When I start a spark-notebook using docker and create a new worksheet. The next time I start it, the worksheet isn't there.
Here's the command:
docker run -v /Users/pkerp/projects/chairliftplot/:/mnt -p 9000:9000 andypetrella/spark-notebook:0.2.0-spark-1.2.0-hadoop-1.0.4
Here's the warnings / info:
15/02/09 08:38:12 WARN Remoting: Tried to associate with unreachable remote address [akka.tcp://Remote@127.0.0.1:41602]. Address is now gated for 5000 ms, all messages to this address will be delivered to dead letters. Reason: Connection refused: /127.0.0.1:41602
15/02/09 08:38:12 INFO remote.RemoteActorRefProvider$RemoteDeadLetterActorRef: Message [akka.remote.RemoteWatcher$Heartbeat$] from Actor[akka://NotebookServer/system/remote-watcher#-457307005] to Actor[akka://NotebookServer/deadLetters] was not delivered. [8] dead letters encountered. This logging can be turned off or adjusted with configuration settings 'akka.log-dead-letters' and 'akka.log-dead-letters-during-shutdown'.
Is this a misconfiguration issue or something else?
Edit:
So this problem has a few aspects to it.
- When the running docker container is closed using ctrl-c, it actually still exists. When I run it anew with the command above, it starts a separate new container that doesn't have the newly created notebook.

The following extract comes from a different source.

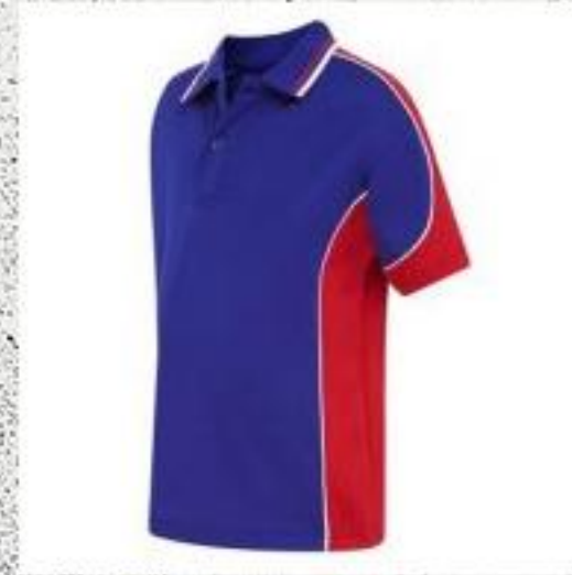
COLOR COMBI POLO SHIRT SPECIAL COLLAR

This can be mitigated by looking at the list of running containers using docker ps
, finding the running one and attaching to it using docker attach process_id
. The data will still be present.
- Using a mounted volume to store the notebooks to leads to a permissions issue. The directory mounted within the container only has owner write permissions, where the owner is user 1000. The spark-notebook is run as the user daemon (user id 1).
This is a long thread about this issue on github,, but no clear solution.